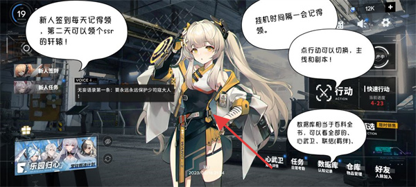 1、新人签到记得打卡,第二天可以领个ssr的轩辕,新人任务,日常考勤,完成就可以领奖励,挂机时间满了会暂停的,注意别忘了领。
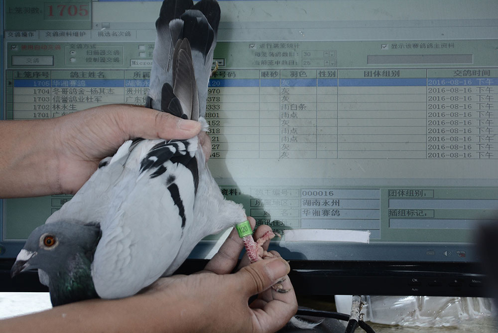 赛鸽足环号: 18-0111120 次序:3259 赛鸽特征:灰 清棚时刻:2016-08-16 3:15:07
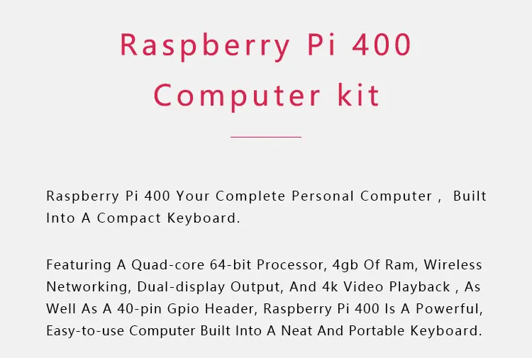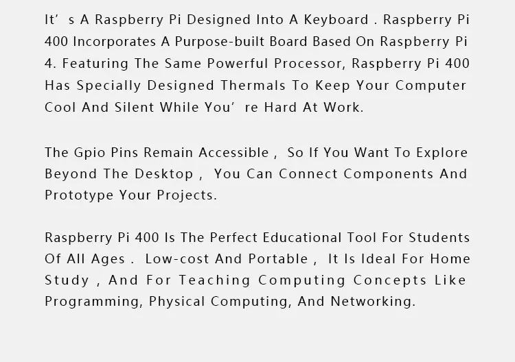 Raspberry Pi 400, персональный четырехъядерный процессор компьютерный набор, 64 бита, 4 Гб ОЗУ, Wi-Fi, выход на два дисплея для 4K
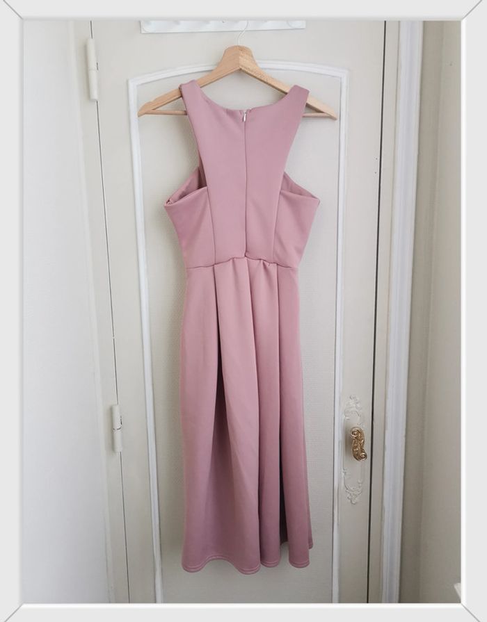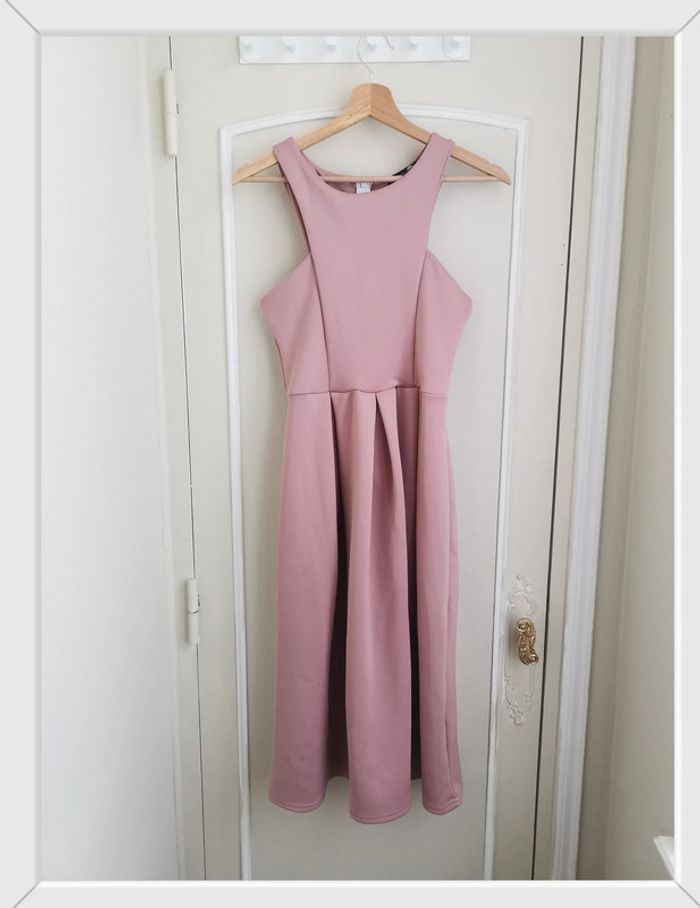Portée 1 fois pour un baptême. Robe de cocktail, soirée, événement, très élégante et chic. Agréable à porter. Distance entre les bretelles 27cm, aisselles 36cm, taille 32cm, longueur 103cm. 95% polyester 5% élasthanne. Marque Boohoo.
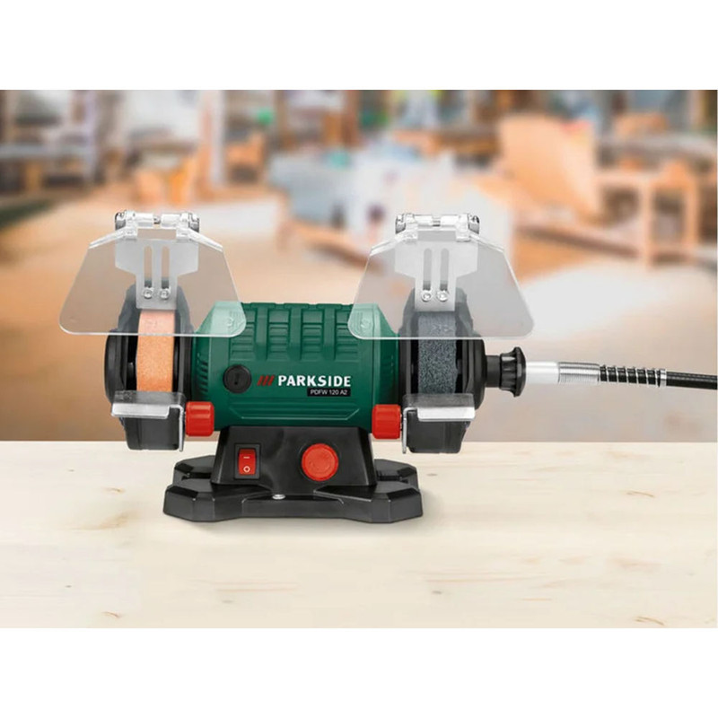 سنگ رومیزی و فرز مینیاتوری پارکساید ابزاری دوکاره و عالی لازم برای کار های ریز و دقیق می باشد. سنگ رومیزی و فرز مینیاتوری پارکساید ( چرخ سنباده ) قدرتی معادل 120 وات به شما می دهد. همچنین دارای 103 قطعه جانبی می باشد که اکثر کارهای شما را پشتیبانی می کند. همچنین دستگاه دارای دیمر 6 حالته میباشد که امکان کنترل سرعت دستگاه از 0 تا 11500 دور بر دقیقه را دارید. شما با خرطومی که همراه دستگاه میباشد میتوانید از فرز مینیاتوری دستگاه استفاده کرده و روی کوچکترین قطعات با دقت عملیات تراش و صیقل زدن را اجرا کنید.
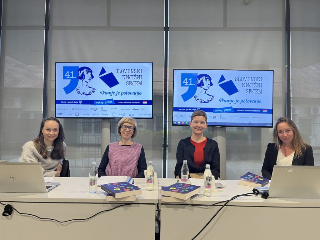 Urška Henigman, Ana Vogrinčič Čepič, Katja Koren Ošljak in Tanja Oblak Črnič na odru Založniške akademije na 41. knjižnem sejmu.
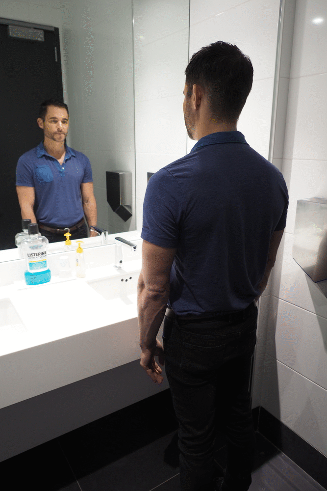 - With a giant breath, puff up your chest (to a ridiculous super hero type of shape)
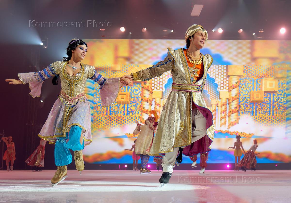 Ледовый спектакль "Аладдин и повелитель огня" Ледового театра Елены Бережной в спорткомплексе (СК) "Юбилейный". Фигуристы Тимур Воситов и Александра Кошевая во время спектакля.
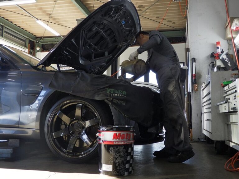 ビープラスオリジナルモティーズ製オイルターボ0W-40にてオイル交換を作業しました。12カ月点検キャンペーンも
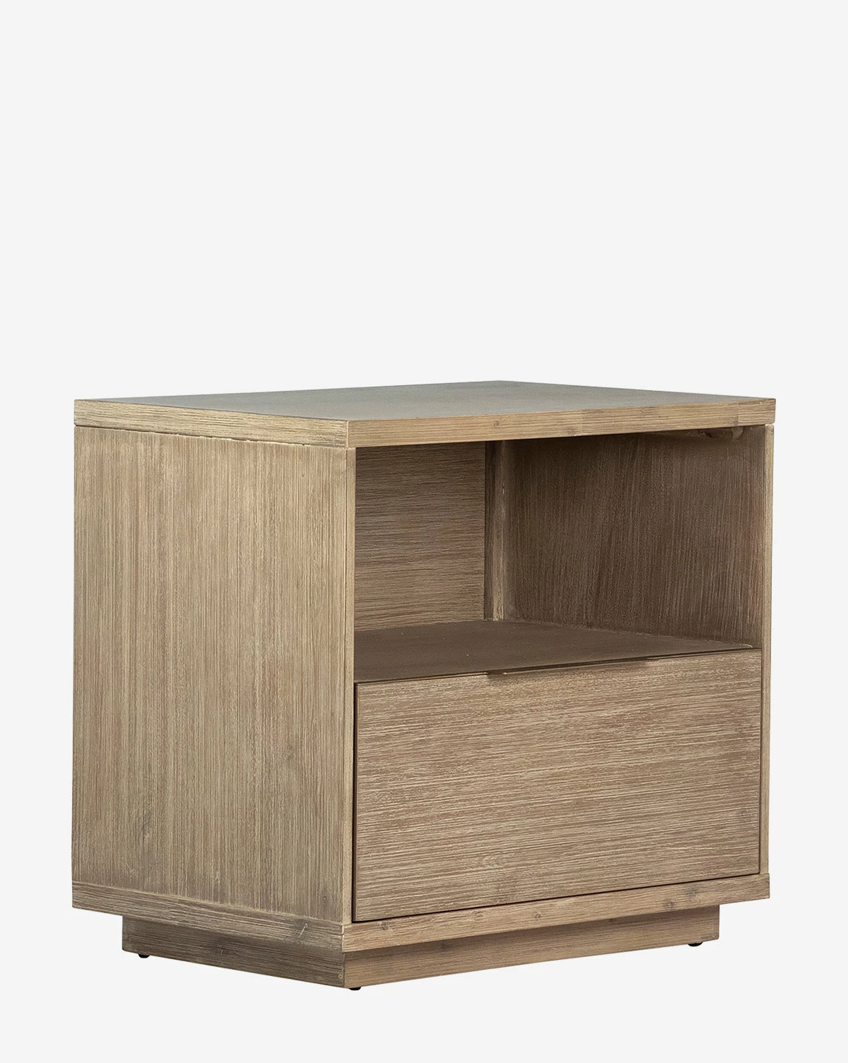 Crafted from acacia wood in a light wash finish, the Audrina Nightstand adds plenty of storage with its minimalist design. Softening your space with an open shelf on top of the subtle drawer, this nightstand complements your bedroom decor with its simple, contemporary form.

- - - - - - -

* Task brief
The line containing "سنگ رومیزی و فرز مینیاتوری پارکساید ابزاری" marks where the copy ends; print every line before it from the start of the records, and that line too, but no pictures.

* Solution to this task
 1、新人签到记得打卡,第二天可以领个ssr的轩辕,新人任务,日常考勤,完成就可以领奖励,挂机时间满了会暂停的,注意别忘了领。
 赛鸽足环号: 18-0111120 次序:3259 赛鸽特征:灰 清棚时刻:2016-08-16 3:15:07
 Raspberry Pi 400, персональный четырехъядерный процессор компьютерный набор, 64 бита, 4 Гб ОЗУ, Wi-Fi, выход на два дисплея для 4K
Portée 1 fois pour un baptême. Robe de cocktail, soirée, événement, très élégante et chic. Agréable à porter. Distance entre les bretelles 27cm, aisselles 36cm, taille 32cm, longueur 103cm. 95% polyester 5% élasthanne. Marque Boohoo.
 سنگ رومیزی و فرز مینیاتوری پارکساید ابزاری دوکاره و عالی لازم برای کار های ریز و دقیق می باشد. سنگ رومیزی و فرز مینیاتوری پارکساید ( چرخ سنباده ) قدرتی معادل 120 وات به شما می دهد. همچنین دارای 103 قطعه جانبی می باشد که اکثر کارهای شما را پشتیبانی می کند. همچنین دستگاه دارای دیمر 6 حالته میباشد که امکان کنترل سرعت دستگاه از 0 تا 11500 دور بر دقیقه را دارید. شما با خرطومی که همراه دستگاه میباشد میتوانید از فرز مینیاتوری دستگاه استفاده کرده و روی کوچکترین قطعات با دقت عملیات تراش و صیقل زدن را اجرا کنید.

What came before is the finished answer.